I've been on plan now for four days, and so far so good. Except that sometimes I want to eat more than the 300-400 calories I am allowed per meal. It's not a problem when I'm out, because once my food is gone it's gone. But when I am at home I need to distract myself.

So I have been cleaning. And cleaning. And cleaning some more.

Have I mentioned that I hate to clean, and am a terrible, terrible housekeeper?
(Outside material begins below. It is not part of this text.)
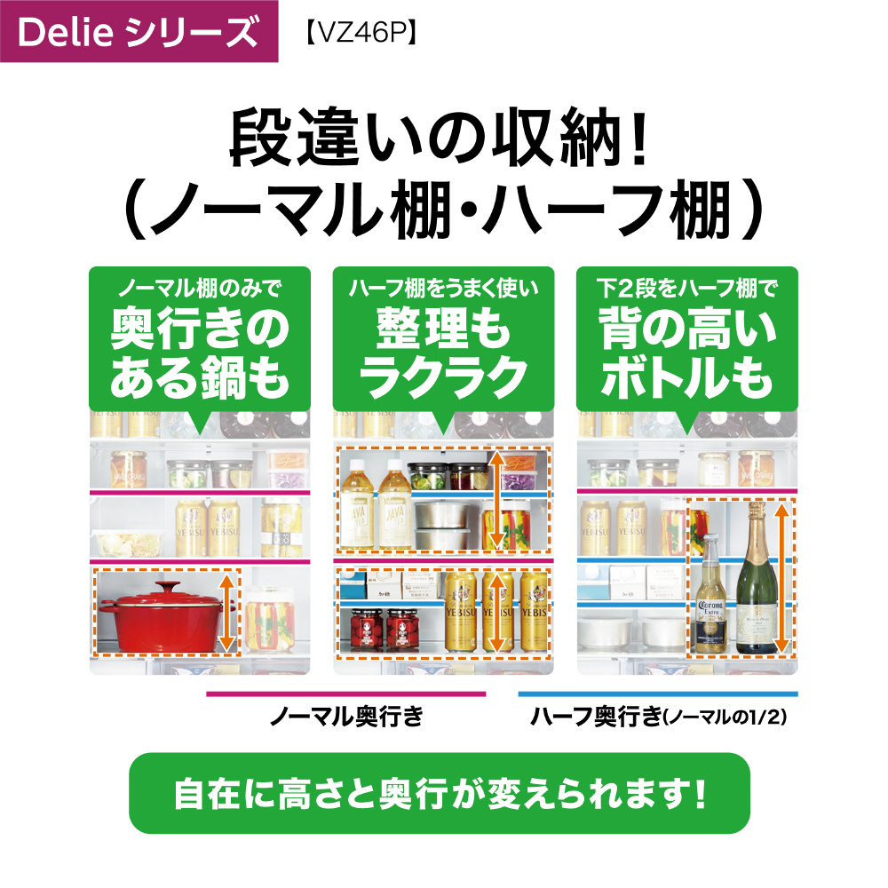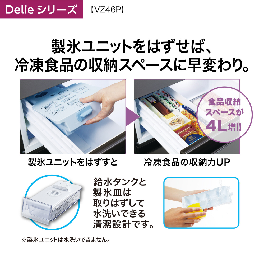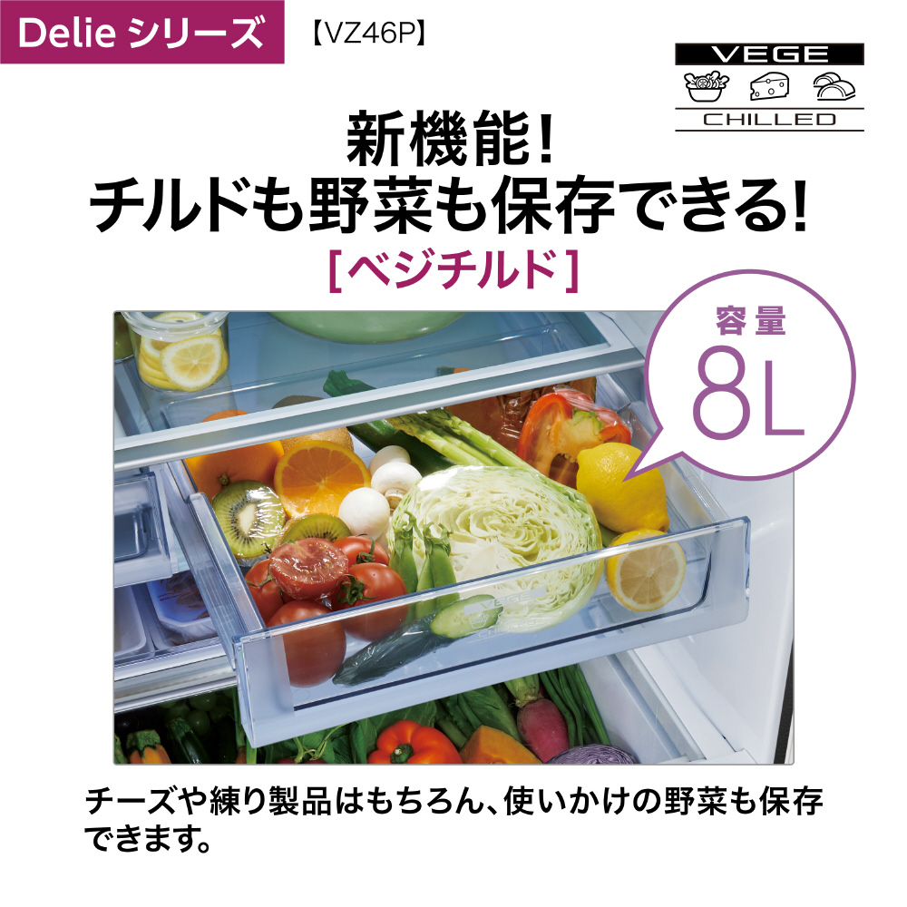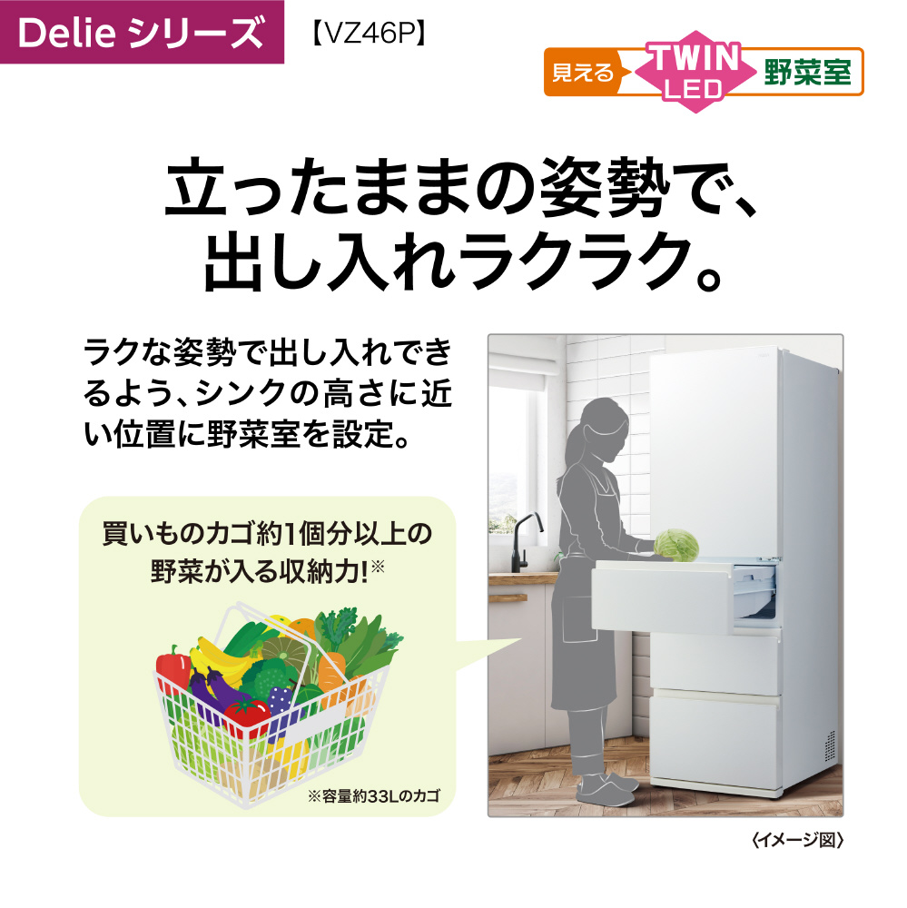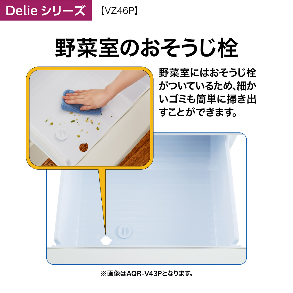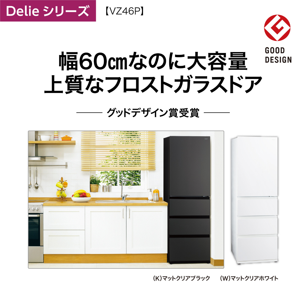 | 商品名 | 冷蔵庫 Delie マットクリアホワイト AQR-VZ46P(W) [幅60cm /458L /4ドア /右開きタイプ /2024年] |

In the process of cleaning my house I have made some interesting observations. For instance, I am fairly sure that women's shoes are the larvae of men's t-shirts. I am sure I am not the only female who has purchased an item of clothing secure in the knowledge that I already own the perfect shoes to complete the outfit, only to find when I get home that the shoes I remember are missing from my closet. Sure, I may own similar shoes, but not the ones I distinctly remember possessing. They must have gone somewhere, and I'm pretty sure my husband's t-shirt drawer is where they end up. That man owns dozens of t-shirts commemorating his participation in various athletic events he never competed in, promoting teams he does not support, advertising businesses he does not patronize, and commemorating visits to places he has never been. They must have come from somewhere, and the reasonable assumption is that they metamorphosed from my shoes.

Y'all know what I mean, right? Or do I need to go eat something?